→ **What to produce**:
Your answer must be an exact copy of the data, without any pictures.

→ **The data**:
[Start of section]
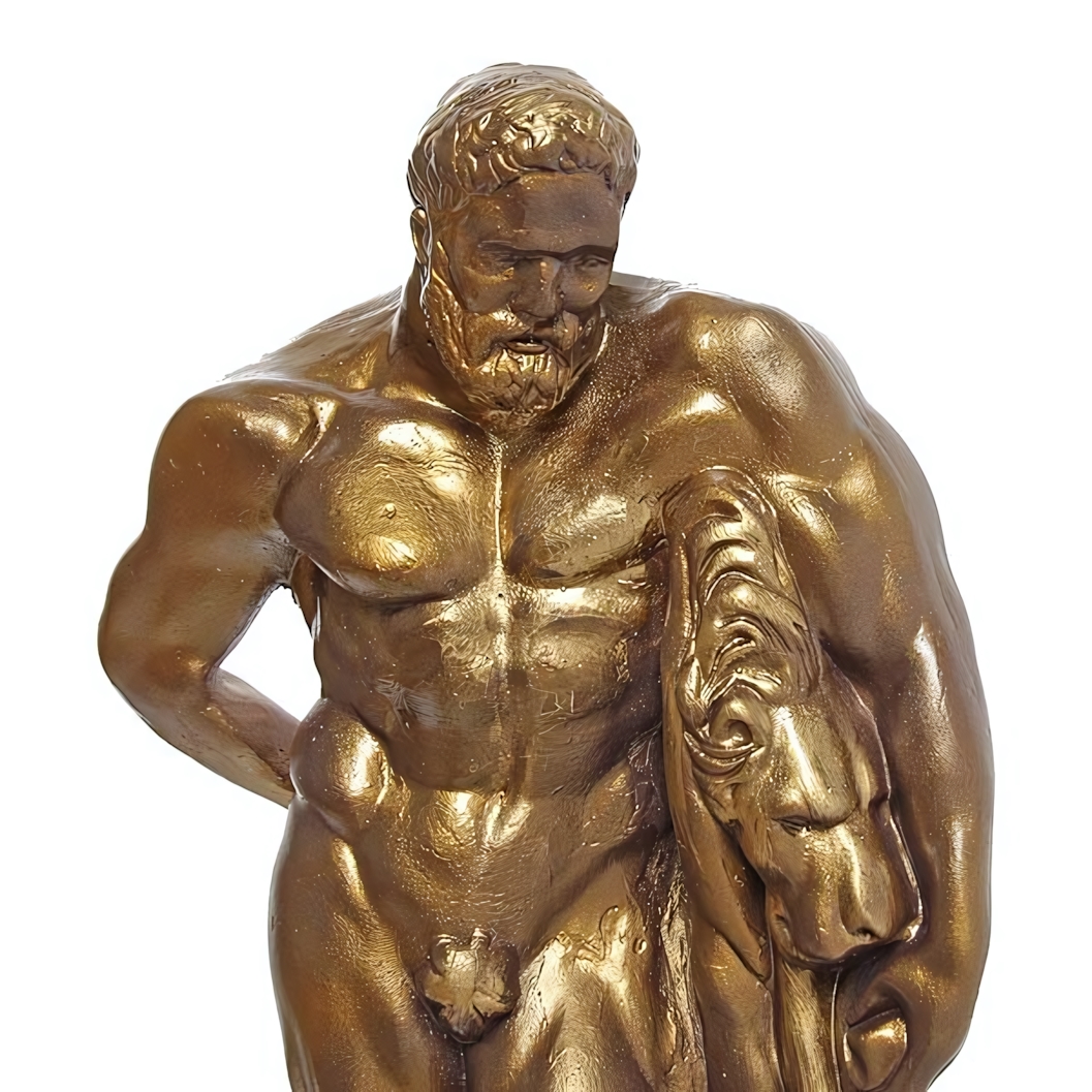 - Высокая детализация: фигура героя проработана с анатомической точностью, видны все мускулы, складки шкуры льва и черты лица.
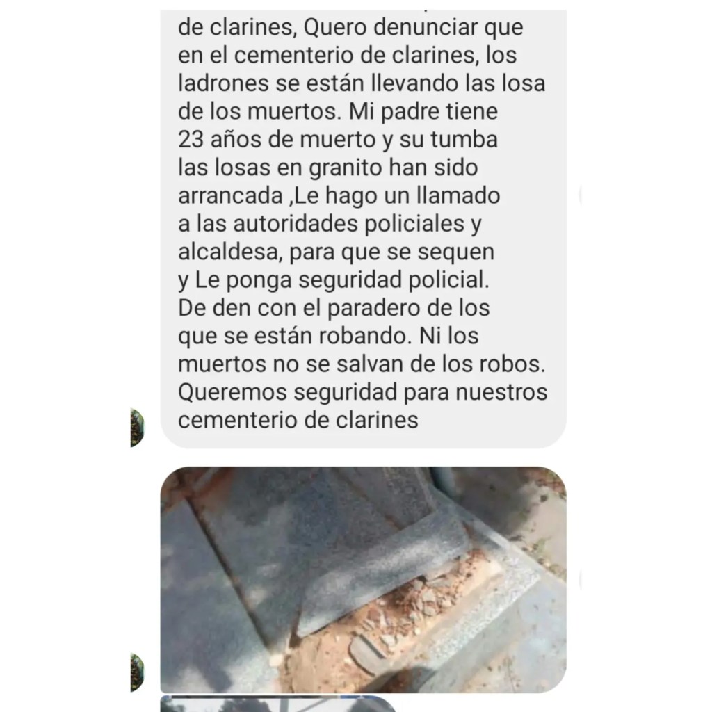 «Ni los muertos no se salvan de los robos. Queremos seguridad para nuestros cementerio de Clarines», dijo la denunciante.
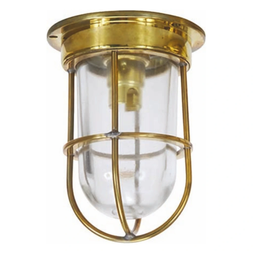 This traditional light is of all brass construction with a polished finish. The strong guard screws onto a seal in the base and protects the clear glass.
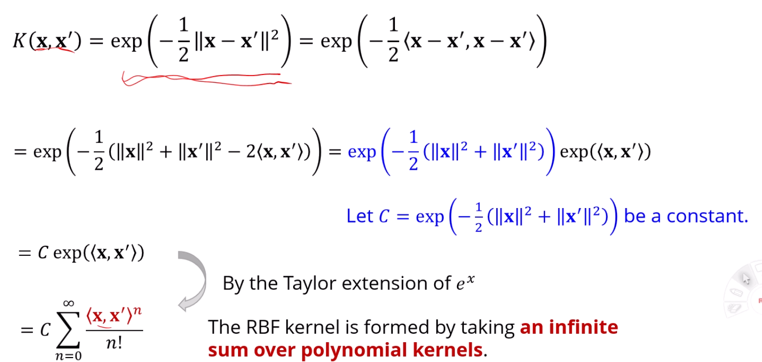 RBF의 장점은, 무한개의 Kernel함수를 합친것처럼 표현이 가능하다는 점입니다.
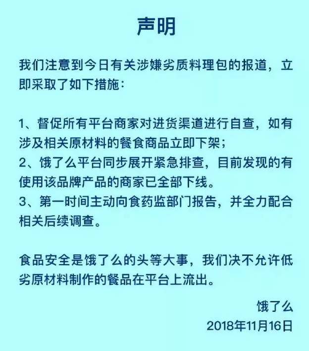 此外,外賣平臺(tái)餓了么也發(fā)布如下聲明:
[End of section]
→ **Exercise output**:
 - Высокая детализация: фигура героя проработана с анатомической точностью, видны все мускулы, складки шкуры льва и черты лица.
 «Ni los muertos no se salvan de los robos. Queremos seguridad para nuestros cementerio de Clarines», dijo la denunciante.
 This traditional light is of all brass construction with a polished finish. The strong guard screws onto a seal in the base and protects the clear glass.
 RBF의 장점은, 무한개의 Kernel함수를 합친것처럼 표현이 가능하다는 점입니다.
 此外,外賣平臺(tái)餓了么也發(fā)布如下聲明:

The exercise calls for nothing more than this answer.